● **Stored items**
=== Section Start ===

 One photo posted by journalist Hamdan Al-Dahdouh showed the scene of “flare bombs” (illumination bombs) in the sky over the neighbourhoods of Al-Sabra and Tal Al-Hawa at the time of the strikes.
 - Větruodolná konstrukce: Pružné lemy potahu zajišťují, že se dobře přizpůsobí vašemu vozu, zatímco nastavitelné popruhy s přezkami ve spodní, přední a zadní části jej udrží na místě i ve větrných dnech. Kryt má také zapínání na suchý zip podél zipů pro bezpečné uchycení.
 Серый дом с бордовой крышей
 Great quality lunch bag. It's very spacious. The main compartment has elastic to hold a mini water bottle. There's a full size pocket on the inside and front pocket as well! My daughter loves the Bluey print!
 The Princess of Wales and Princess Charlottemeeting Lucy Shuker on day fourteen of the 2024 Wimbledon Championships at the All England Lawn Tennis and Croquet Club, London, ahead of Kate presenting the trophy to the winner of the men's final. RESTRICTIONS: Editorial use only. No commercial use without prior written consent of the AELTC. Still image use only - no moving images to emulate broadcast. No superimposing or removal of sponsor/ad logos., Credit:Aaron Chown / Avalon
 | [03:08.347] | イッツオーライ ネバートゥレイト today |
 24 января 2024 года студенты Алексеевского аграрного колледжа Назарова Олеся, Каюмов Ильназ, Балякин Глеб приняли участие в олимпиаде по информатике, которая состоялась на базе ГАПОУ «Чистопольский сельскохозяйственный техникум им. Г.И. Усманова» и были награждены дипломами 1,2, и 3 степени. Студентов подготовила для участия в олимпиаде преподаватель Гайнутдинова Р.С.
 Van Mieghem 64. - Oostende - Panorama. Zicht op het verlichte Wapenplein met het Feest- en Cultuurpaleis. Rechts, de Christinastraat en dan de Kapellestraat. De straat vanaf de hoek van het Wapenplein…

=== Section End ===

● **ACTIVITY**
Output the records exactly.

● **OUTPUT OF THE EXERCISE**
 One photo posted by journalist Hamdan Al-Dahdouh showed the scene of “flare bombs” (illumination bombs) in the sky over the neighbourhoods of Al-Sabra and Tal Al-Hawa at the time of the strikes.
 - Větruodolná konstrukce: Pružné lemy potahu zajišťují, že se dobře přizpůsobí vašemu vozu, zatímco nastavitelné popruhy s přezkami ve spodní, přední a zadní části jej udrží na místě i ve větrných dnech. Kryt má také zapínání na suchý zip podél zipů pro bezpečné uchycení.
 Серый дом с бордовой крышей
 Great quality lunch bag. It's very spacious. The main compartment has elastic to hold a mini water bottle. There's a full size pocket on the inside and front pocket as well! My daughter loves the Bluey print!
 The Princess of Wales and Princess Charlottemeeting Lucy Shuker on day fourteen of the 2024 Wimbledon Championships at the All England Lawn Tennis and Croquet Club, London, ahead of Kate presenting the trophy to the winner of the men's final. RESTRICTIONS: Editorial use only. No commercial use without prior written consent of the AELTC. Still image use only - no moving images to emulate broadcast. No superimposing or removal of sponsor/ad logos., Credit:Aaron Chown / Avalon
 | [03:08.347] | イッツオーライ ネバートゥレイト today |
 24 января 2024 года студенты Алексеевского аграрного колледжа Назарова Олеся, Каюмов Ильназ, Балякин Глеб приняли участие в олимпиаде по информатике, которая состоялась на базе ГАПОУ «Чистопольский сельскохозяйственный техникум им. Г.И. Усманова» и были награждены дипломами 1,2, и 3 степени. Студентов подготовила для участия в олимпиаде преподаватель Гайнутдинова Р.С.
 Van Mieghem 64. - Oostende - Panorama. Zicht op het verlichte Wapenplein met het Feest- en Cultuurpaleis. Rechts, de Christinastraat en dan de Kapellestraat. De straat vanaf de hoek van het Wapenplein…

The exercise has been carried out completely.